** Opening Information shown block **

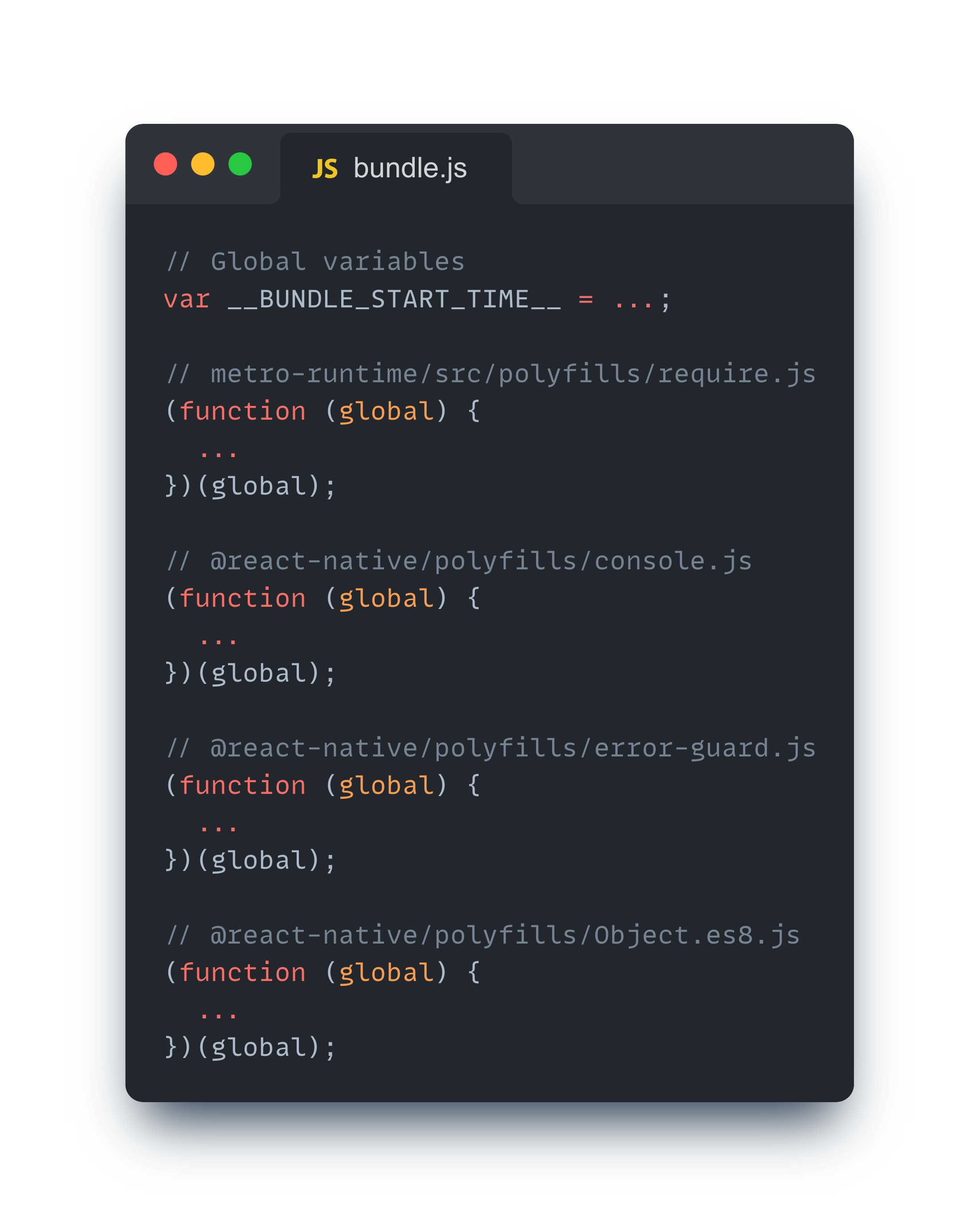 React Native의 경우 모듈뿐만 아니라 기본적인 실행 환경을 구성하기 위해 몇 가지 코드를 주입하고 있다. 여기에는 호환성 혹은 기능 확장을 위한 폴리필(Polyfill) 그리고 초기화 코드가 포함된다.
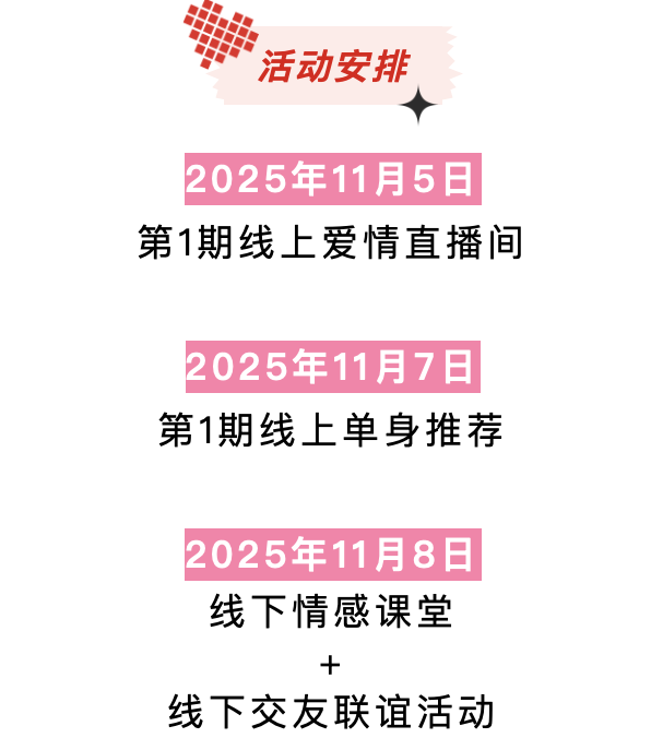 11月初,湖南工会将开通“线上爱情直播间”,根据单身职工自身条件和择偶要求,针对性推荐“心动对象”。而在线下交友联谊活动中,工会将设置甜蜜有趣的互动环节,创造面对面认识交流的机会,活动现场还配有专业情感导师,手把手带教实用交友礼仪与沟通技巧。
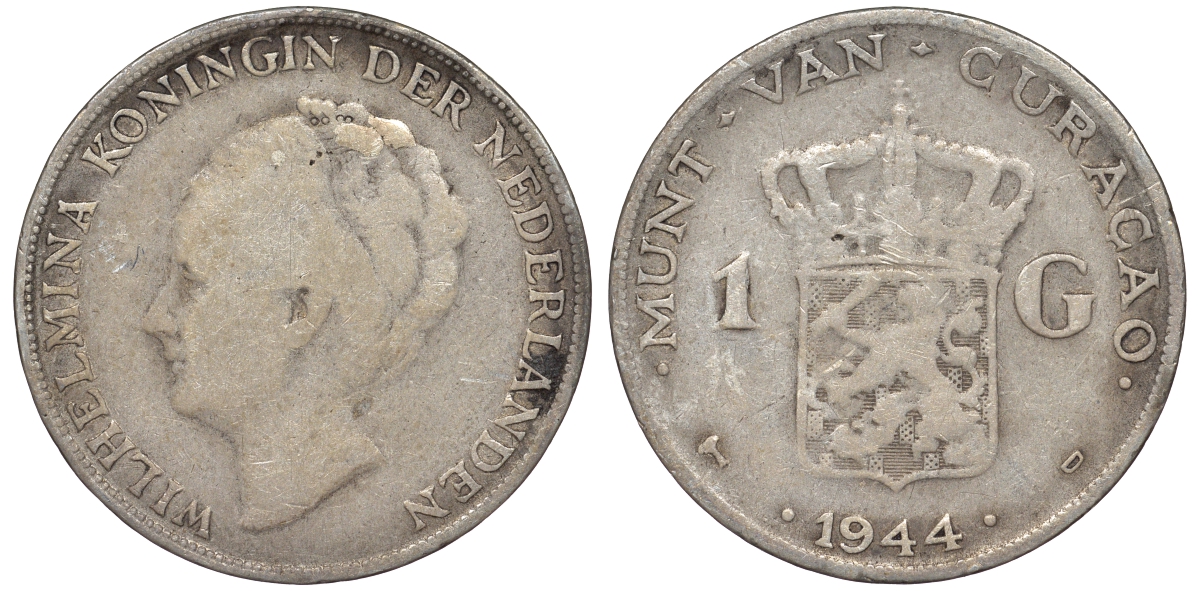 КЮРАСАО 1 ГУЛЬДЕН 1944 D ВИЛЬГЕЛЬМИНА KM 45 серебро 36-711
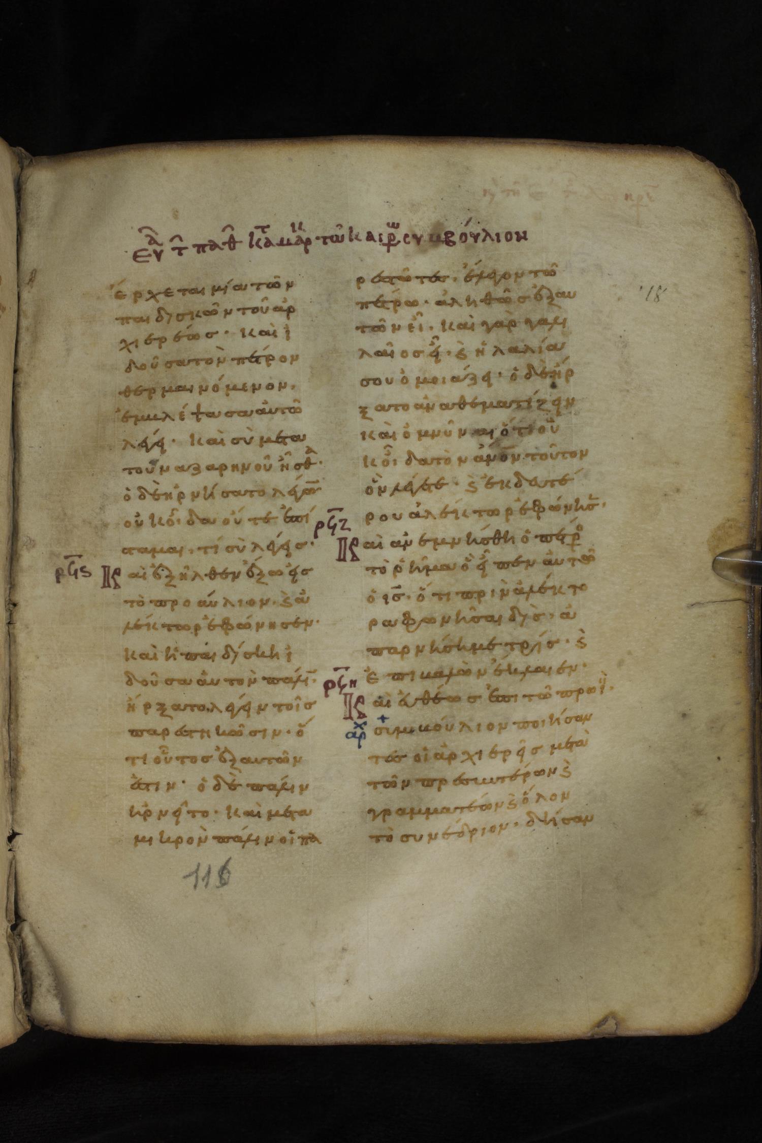 Eleventh century minuscule of the Gospels on parchment; 266 leaves, 2 column, 22 lines per column. Images were taken at the National Library of Greece in Athens.

** Closing Information shown block **

**Exercise brief:** Retype the listing verbatim, minus every image.

**Exercise response:**
 React Native의 경우 모듈뿐만 아니라 기본적인 실행 환경을 구성하기 위해 몇 가지 코드를 주입하고 있다. 여기에는 호환성 혹은 기능 확장을 위한 폴리필(Polyfill) 그리고 초기화 코드가 포함된다.
 11月初,湖南工会将开通“线上爱情直播间”,根据单身职工自身条件和择偶要求,针对性推荐“心动对象”。而在线下交友联谊活动中,工会将设置甜蜜有趣的互动环节,创造面对面认识交流的机会,活动现场还配有专业情感导师,手把手带教实用交友礼仪与沟通技巧。
 КЮРАСАО 1 ГУЛЬДЕН 1944 D ВИЛЬГЕЛЬМИНА KM 45 серебро 36-711
 Eleventh century minuscule of the Gospels on parchment; 266 leaves, 2 column, 22 lines per column. Images were taken at the National Library of Greece in Athens.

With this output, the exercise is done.